Desapareció la intimidad con tu pareja: un experto explica las consecuencias negativas
La intimidad en una relación de pareja mantiene la conexión emocional, física y mental. No es solo una fuente de placer, sino de afecto, se fortalece el vínculo y nutre la relación en diversos niveles. Cuando desaparece, las consecuencias son profundas, afectan la relación, la salud y el bienestar. Expertos en psicología y sexualidad coinciden en que la ausencia de intimidad desencadena una serie de efectos negativos tanto a nivel personal como de pareja.

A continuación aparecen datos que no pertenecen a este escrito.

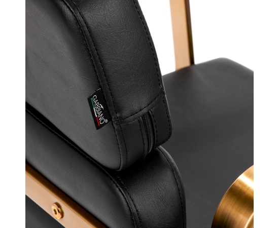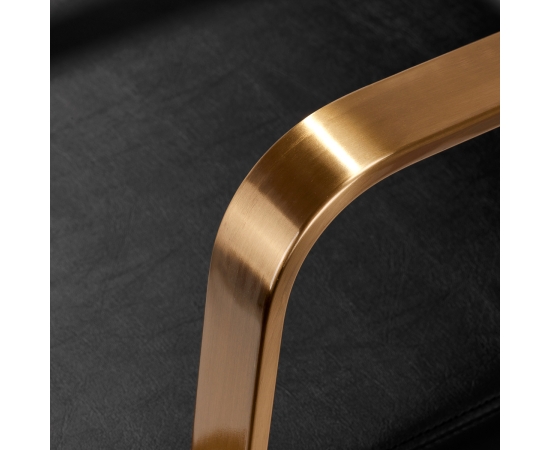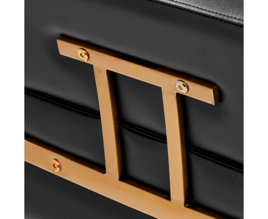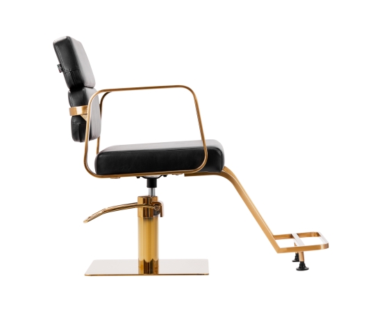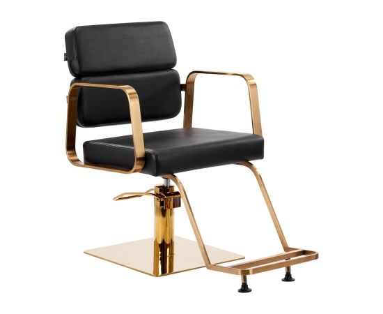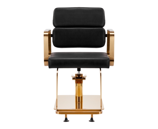 The full rotation mechanism of the chair makes the hairdresser's work more effective and comfortable. A solid, flat, square-shaped base guarantees stability during use. The matte-finished, smooth surface gives the element an elegant look and makes it easy to keep clean. A comfortable seat with foam filling ensures high comfort of use, even during many hours of treatments. Geometric, metal armrests in shades of gold allow for the correct positioning of the client's shoulders – this means that he does not bury his head in his shoulders or slouch – which makes it much easier to perform precise treatments, including haircuts. A stylish footrest dedicated to this model provides stable support for the user's feet.

La intimidad, en su forma más pura, representa una conexión profunda entre dos personas. Es una actividad física, que involucra emociones, mejora el vínculo entre los miembros de la pareja, y aporta beneficios para la salud. Diversos estudios han demostrado que tener una vida íntima activa está relacionado con mejoras en la salud cardiovascular, reducción del riesgo de ciertos tipos de cáncer, fortalecimiento del sistema inmunológico e incluso mejoras en la función del suelo pélvico, un músculo clave en el control de la continencia urinaria.
Cuando la intimidad comienza a desaparecer en una relación, surgen problemas que van más allá de lo físico. De acuerdo con Ian Kerner, experto en relaciones de pareja y sexualidad, la falta de intimidad en una pareja es una cuestión existencial. Se trata de la pérdida de una conexión vital que, cuando está presente, permite a las parejas enfrentarse mejor a los desafíos y dificultades de la vida cotidiana. Es como un pegamento emocional que fortalece la relación, y sin él, las tensiones y los problemas tienden a intensificarse.
Kerner señala que las parejas que disfrutan de relaciones íntima regulares suelen desarrollar un vínculo más sólido y una mejor comunicación. Esta intimidad les permite sentirse más conectados emocionalmente, lo que a su vez facilita la resolución de conflictos y la superación de las dificultades.
La falta de intimidad también lleva a un sentimiento de rechazo. Cuando uno de los miembros de la pareja comienza a sentir que el otro no está interesado en mantener una conexión física, esto puede interpretarse como una falta de afecto o de deseo. Este tipo de pensamientos, aunque muchas veces infundados, dañan la autoestima y generan una sensación de abandono.